Michele Shimizu-Kelley

Day 13: December 11
Reflector: Michele Shimizu-Kelley @michelejsk
Image Title: Sunrise at Acadia National Park (August 2020)
Have you greeted the sun yet today? Have you taken a moment to appreciate the star that’s fixed just the right distance from Earth so that it provides life-sustaining energy to all the diverse living beings of our planet? Today’s Scripture readings invite us to take stock of our lives, both individually and collectively, from an illuminating perspective. Jesus asks, “To what can I compare this generation?” (Matthew 11:16). It’s a fitting question for us all today who are living during a global pandemic and reckoning with the toll our human activities take on one another and upon the natural climate and ecosystems we inhabit. So much of my own darkness is felt when I recognize how I have taken something for granted, like the fact that the sun rises each day or that we have a finite amount of natural resources being extracted at absurd rates from our common home ground. And yet in those moments when I am made aware of my darkness, I am simultaneously made free to appreciate the light and cherish its value in my life.
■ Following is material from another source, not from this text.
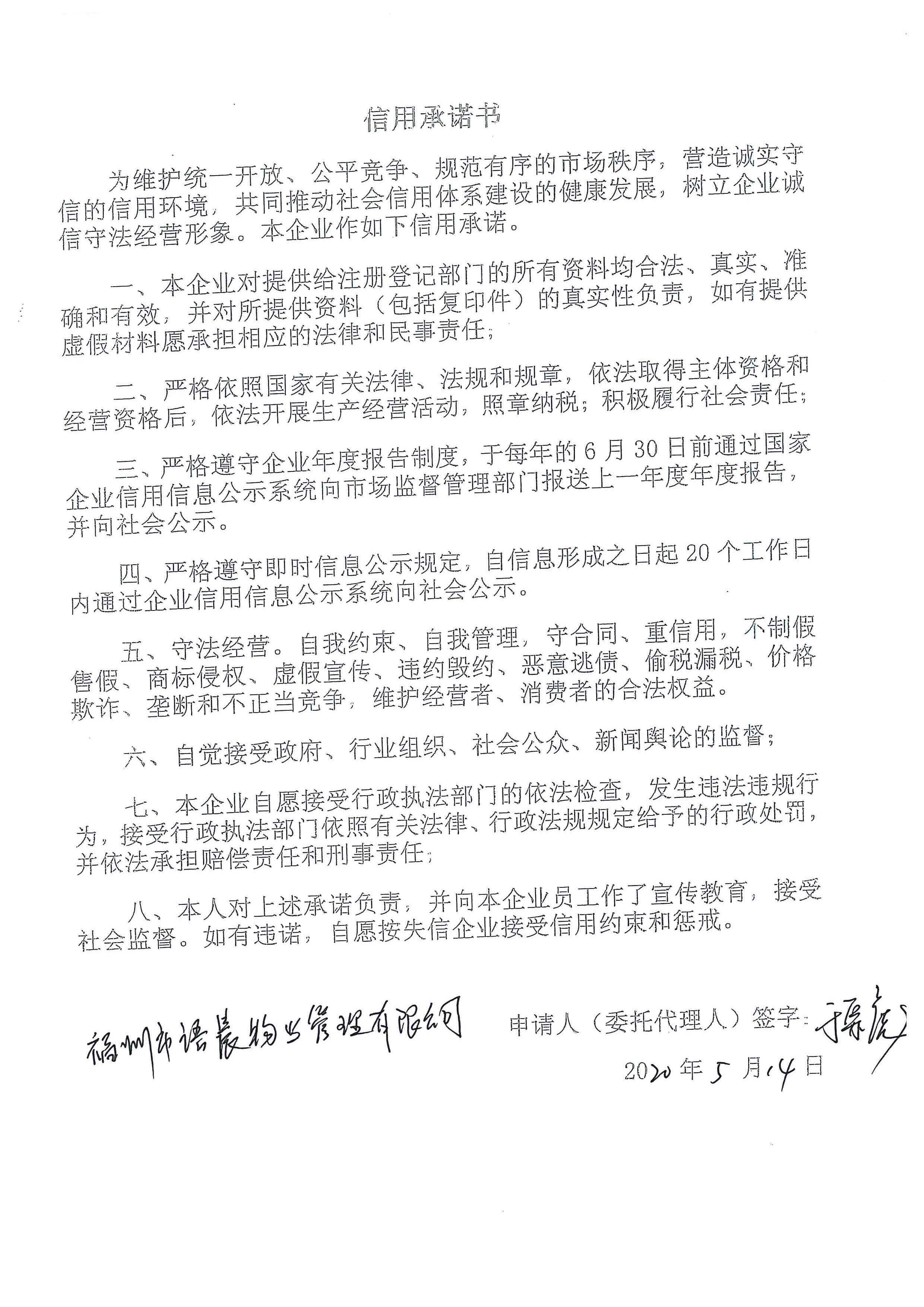 福州市语晨物业管理有限公司信用承诺书

So it is with Advent, we feel our darkness so we can discern just how we are being summoned to follow “the Light of Life” (John 8:12), to listen to our God who “teaches us what is good for us” and “leads us in the way we should go” (Isaiah 48: 17). I invite you to take a moment today to pray in thanksgiving for the sun and meditate on how its rays may be inviting you to seek life’s Light in your own unique way this Advent season.
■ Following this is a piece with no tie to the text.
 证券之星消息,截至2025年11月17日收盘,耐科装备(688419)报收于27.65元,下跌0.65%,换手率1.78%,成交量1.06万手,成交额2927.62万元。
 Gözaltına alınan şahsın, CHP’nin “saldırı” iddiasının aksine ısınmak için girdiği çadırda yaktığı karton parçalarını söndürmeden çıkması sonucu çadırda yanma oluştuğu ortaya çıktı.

Michele Shimizu-Kelley is Assistant Director at Rostro de Cristo, whose mission is to provide transformative intercultural service experiences through living the Gospel in solidarity with marginalized communities. Rostro de Cristo’s programs are facilitated in collaboration with local community partners in Guayaquil, Ecuador and most recently in Camden, NJ, which is how Michele came to know the sacred space and community at Saint Raphaela Center. She loves to accompany and support young adults in their spiritual life and vocational discernment as she walks her own journey; a journey which has recently led her to pursue a degree in social work to more actively seek ways of practicing environmental justice and liberation health.